The “18-hour window” framing is consistent with the data — he pinged in, the loop ran, he came back the next day.
“How hard was it to get working?”
Second time running the recipe. Hinton-problems (53 stubs, same machinery) ran the week before in ~30 wall hours. Schmidhuber refined the protocol.
Six things broke during this run, with the timestamp each was caught:
-
Branch spam (wave 1). Workers were pushing
impl/<stub>branches to origin. 6 workers × 12 waves would have polluted the remote with 72 branches. Caught at 2026-05-07 01:31 UTC by Yad’s prompt:“why are u doing a branch per impl, should it be per waves?? why the branch spam. THIS IS WRONG PRACTICE COURSE CORRECT!”
Fix landed in 7 minutes — PR #2 closed, reissued as PR #5 on
wave/0-sanity. From wave 2 onward, all stub branches stayed LOCAL ONLY (wave-N-local/<stub>). -
Workers committed locally and went silent. Three workers (waves 3, 10, 11) idled after committing without sending a summary. The lead had to nudge each with an explicit “Request summary message” SendMessage. The worker prompt template was updated for later waves.
-
Orphan stub files (waves 6, 7). Workers wrote new files but didn’t
git rmthe placeholderproblem.py. Caught by the per-wave audit subagent. Cleanup commits added on top of each wave merge. -
Wrong git author identity. One wave-3 commit was authored as
agent-pomdp-flag-maze-builder <agent@anthropic.com>— the per-worktree git config was overridden by Claude Code’s session-default identity. Resolved post-merge with agit filter-branchrewrite — 74 commits →Yad Konrad. Force-pushed main. -
GitHub Pages deploy failed first try. One API call to enable Pages with
build_type='workflow', workflow re-ran, succeeded. -
First BUILD_NOTES had fabricated counts — written from memory.
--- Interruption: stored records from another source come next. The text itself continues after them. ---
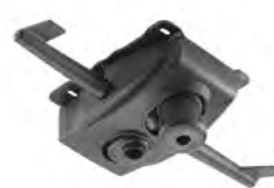
Meccanismo oscillante multiblock 4 posizioni di blocco con tensionatore
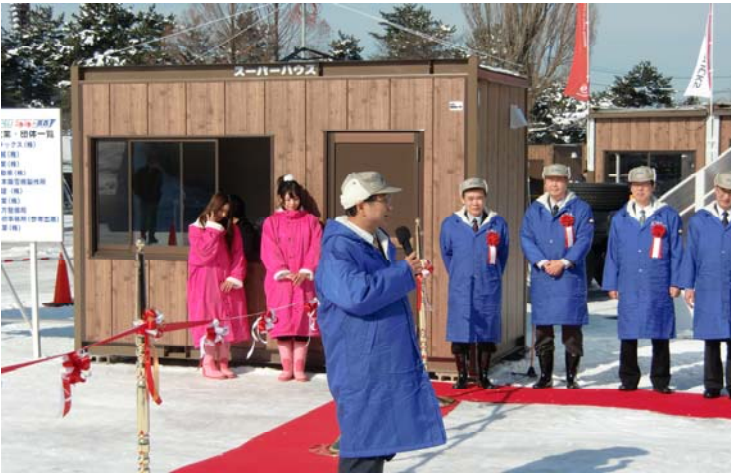
10:15~ 開会式風景 社会長 あいさつ
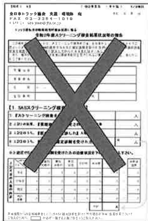
令和2年度末で FAX・メール報告廃止
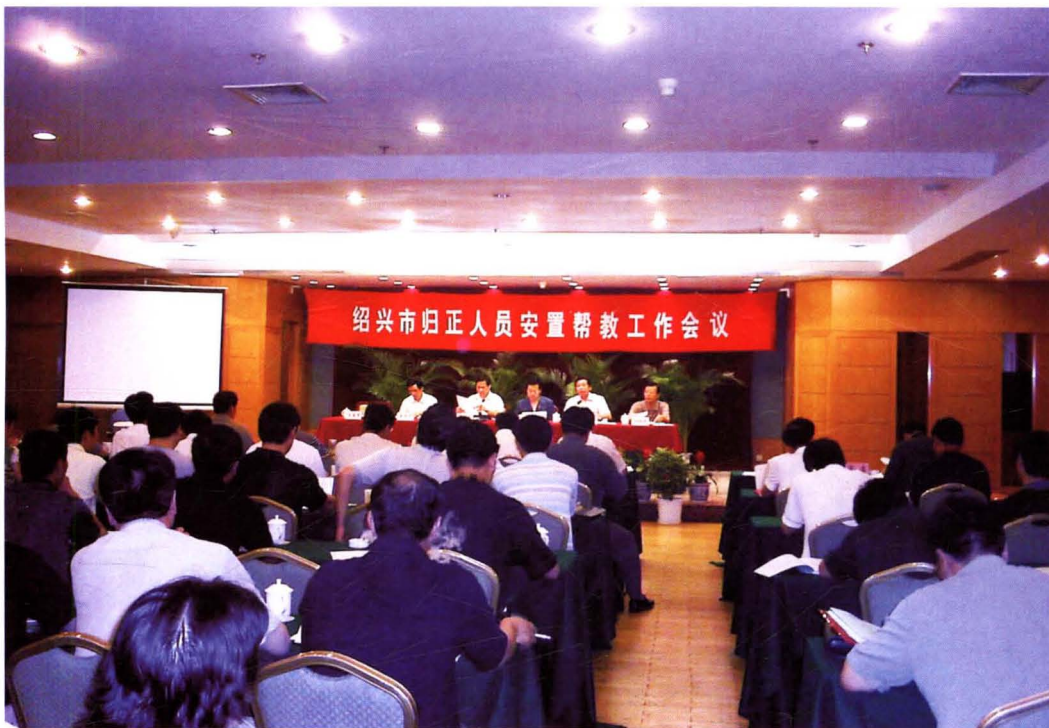
2005年6月23日，绍兴市归正人员安置帮教工作会议在嵊州召开，省司法厅党委书记、厅长胡虎林（右三）出席会议并讲话。
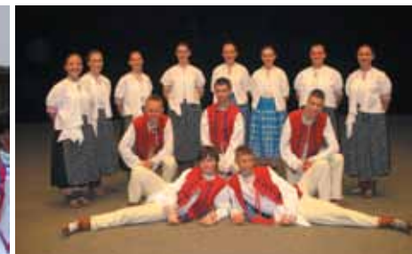
Festiwal Folklorystyczny Orlawa – Czechy 2008
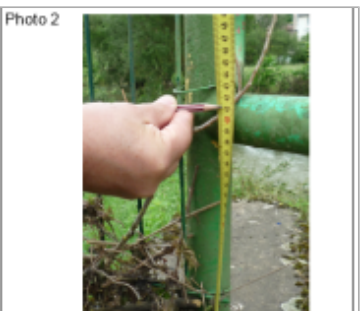
Trace du maximum de la crue sur la clôture coté rivière rue de l'Eglise

MARQUE Texte : RUE DE L'EGLISE Maximum de l'inondation : Oui
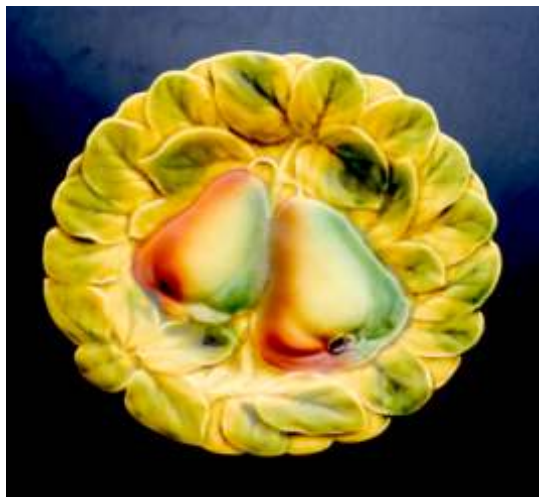
PLATOU - caolin, decor în relief, pictat SARREGHUEMINES
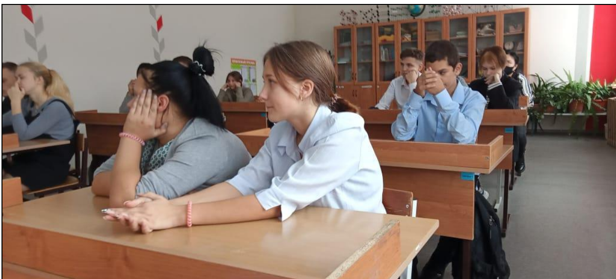
Ученики слушают лекцию – 12.11.2021
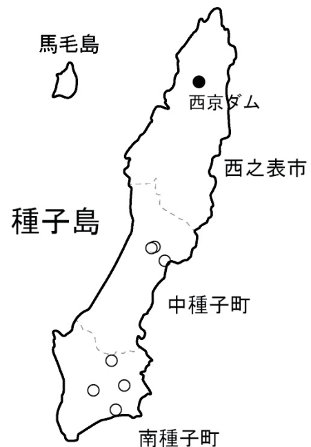
図7 種子島のトガリアメンボの分布(2025年) ● 2025年9月26日、最初の確認地(西京ダム) ○ 2025年9月26~27日の調査で見つからなかった池

・中種子町増田(ため池)、9月26日調査。本種は確認されなかった。近隣の池でも確認されず、この池ではナミアメンボが多数見られた。
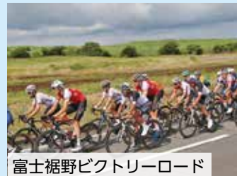
富士裾野ビクトリーロード
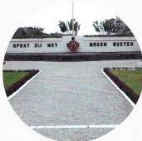
Ereveld Menteng Pulo
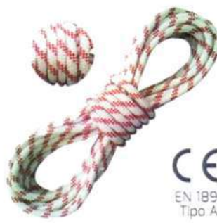
Cuerda Estática 13 mm
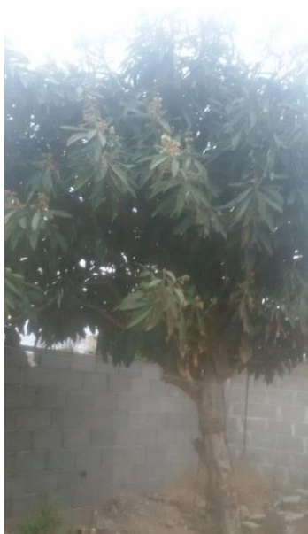
Árbol de Níspero. (Foto parcial de Huerta familiar.)
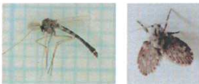
ユスリカ チョウバエ
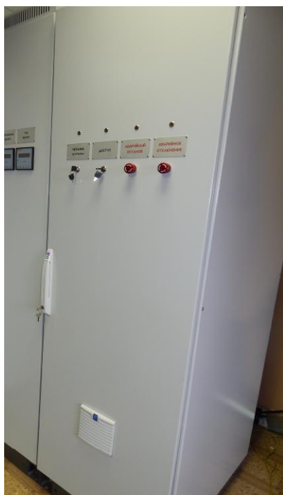
Рисунок 1 - Внешний вид шкафа центрального ИК ЧВ АСУ ЦУ

Внешний вид преобразователя частоты вращения ЛИР-390А представлен на рисунке 3.
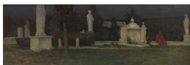
Adam Chmielowski Szara godzina, Lwów, 1880.
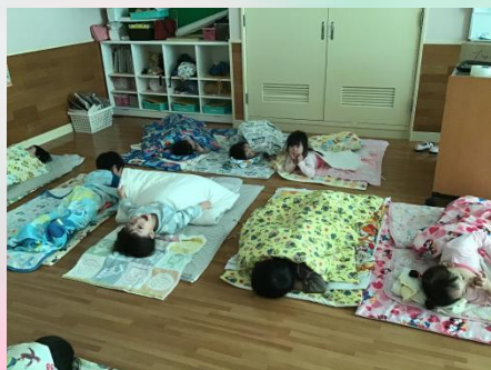
午後のおやつは何かな～？

朝は涙の登園の子も、来てしまうと、今日は何をするの？とその日の活動がとても楽しみな様子。今日はグループ決めです。「グループ」の意味を理解しやすいようにクレヨンのお家に自分達の名前を入れていきました。くじ引きも新鮮だったのか自分の好きな色にこだわりすぎることなく、すんなり自分の引いた色を受け入れてニコニコ♪これからこのグループをいかしながら友達と一緒に楽しめる活動を増やしたいと思います。
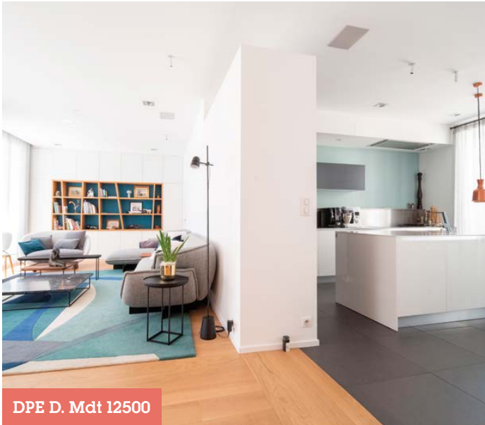
DPE D. Mdt 12500

La Rochelle / Maison / 250 m 2 / 7 pièces 1 687 447€ HAI

PR #20 rewrote it from the actual JSONL session log.
Full table with discovery moments + fixes: What worked, what didn’t.
“How did you get it to continue for 30 hours without stopping?”
Three things did the load-bearing work:
-
One pivotal Yad prompt at hop 12 (2026-05-07 02:11 UTC) unlocked autonomous mode:
“I need you to not rely on me anymore until you finish it all, basically, do wave into 1 per, audit, post to pr then trigger next wave”
Eight subsequent waves (3 through 10) ran without further direction.
-
A self-sustaining per-wave protocol: dispatch N parallel workers → wait for summaries → fire one
Exploreaudit subagent → open the wave PR →SendMessage(shutdown_request)to all workers → move to next wave. The audit step is read-only, catches inconsistencies before review, and ends each wave cleanly.15
Exploredispatches total: 1 initial repo survey + 12 per-wave audits + 2 final BUILD_NOTES extracts. -
One persistent team (
TeamCreate × 1) reused across all 12 waves. Workers torn down at wave-end viaSendMessage(shutdown_request)(69 SendMessages from the orchestrator total). The orchestrator survived the two ~10-hour overnight gaps without drift.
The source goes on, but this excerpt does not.